▸ **DATASET CONTENT**
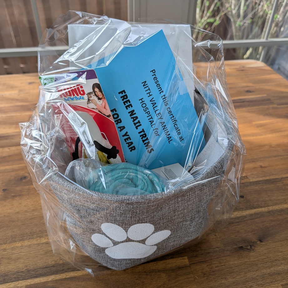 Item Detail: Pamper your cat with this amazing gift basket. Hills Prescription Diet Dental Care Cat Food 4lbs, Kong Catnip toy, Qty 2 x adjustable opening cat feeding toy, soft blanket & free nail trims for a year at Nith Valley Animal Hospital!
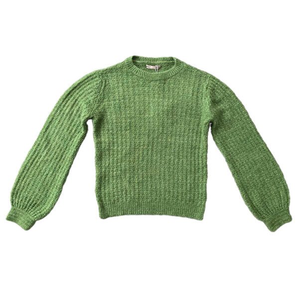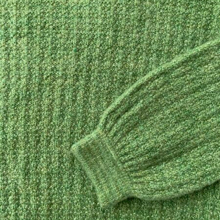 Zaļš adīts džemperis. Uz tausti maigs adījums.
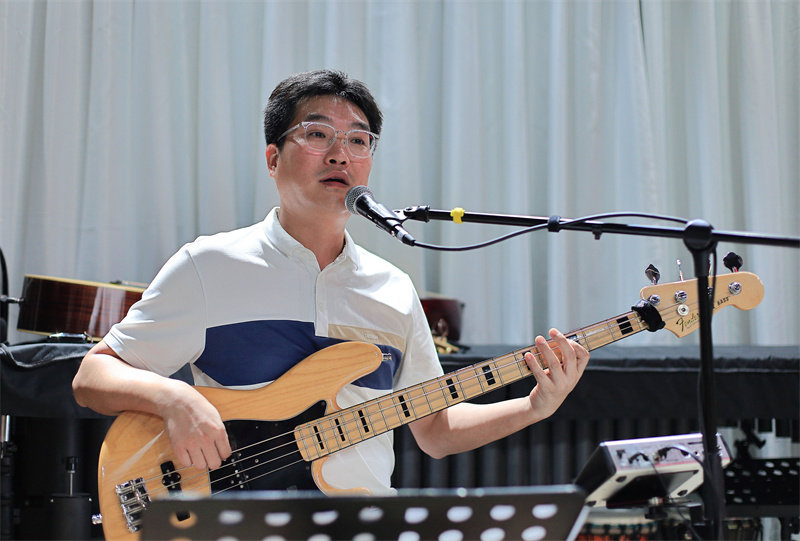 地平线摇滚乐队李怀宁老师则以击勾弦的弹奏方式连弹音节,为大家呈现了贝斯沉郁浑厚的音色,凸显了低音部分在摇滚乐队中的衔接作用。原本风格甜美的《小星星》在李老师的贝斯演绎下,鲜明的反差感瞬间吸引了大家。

▸ **TASK REQUIREMENTS**
Copy the data word for word. Pictures do not go in the copy.

▸ **COMPLETED TASK**
 Item Detail: Pamper your cat with this amazing gift basket. Hills Prescription Diet Dental Care Cat Food 4lbs, Kong Catnip toy, Qty 2 x adjustable opening cat feeding toy, soft blanket & free nail trims for a year at Nith Valley Animal Hospital!
 Zaļš adīts džemperis. Uz tausti maigs adījums.
 地平线摇滚乐队李怀宁老师则以击勾弦的弹奏方式连弹音节,为大家呈现了贝斯沉郁浑厚的音色,凸显了低音部分在摇滚乐队中的衔接作用。原本风格甜美的《小星星》在李老师的贝斯演绎下,鲜明的反差感瞬间吸引了大家。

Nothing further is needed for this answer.